Since programmers rummaging through this project in the future will need to
easily locate source files in a project, it is important that you organize these
new subdirectories so that it is easy to find the source files you are moving
into them. The best organization is to put each source module (or a small group
of strongly related modules) into its own subdirectory. The subdirectory should
bear the name of the source module minus its suffix (or the main module if there
is more than one present in the subdirectory). If you place two or more source
files in the same directory, ensure this set of source files forms a cohesive
set (meaning the source files contain code that solve a single problem). A
discussion of cohesiveness appears later in this document.
- Rule:
- If a project directory contains too many files, try to move some of the
modules to subdirectories within the project directory; give the subdirectory
the same name as the source file without the suffix. This will nearly reduce
the number of files in half. If this reduction is insufficient, try
categorizing the source modules (e.g., FileIO, Graphics, Rendering, and Sound)

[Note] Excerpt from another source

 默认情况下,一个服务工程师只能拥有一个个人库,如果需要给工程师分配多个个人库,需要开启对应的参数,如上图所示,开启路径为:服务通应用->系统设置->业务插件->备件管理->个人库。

and move these modules to a subdirectory bearing the name of the category.
- Enforced Rule:
- Each new subdirectory you create should have its own make file that will
automatically assemble all source modules within that subdirectory, as
appropriate.
- Enforced Rule:
- Any new subdirectories you create for these source modules should appear
within the directory containing the project. The only excepts are those
modules that are, or you anticipate, sharing with other projects. See "Common Object Modules" on page 13 for more details.

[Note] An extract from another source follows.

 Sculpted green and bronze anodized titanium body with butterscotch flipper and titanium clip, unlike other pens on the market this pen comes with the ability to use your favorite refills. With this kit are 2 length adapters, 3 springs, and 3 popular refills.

Stand-alone assembly language programs generally contain a "main" procedure -
the first program unit that executes when the operating system loads the program
into memory. For any programmer new to a project, this procedure is the anchor
where one first begins reading the code and the point where the reader will
continually refer. Therefore, the reader should be able to easily locate this
source file. The following rule helps ensure this is the case:
- Rule:
- The source module containing the main program should have the same name as
the executable (obviously the suffix will be different). For example, if the
"Simulate 886" program's executable name is "Sim886.exe" then you should find
the main program in the "Sim886.asm" source file.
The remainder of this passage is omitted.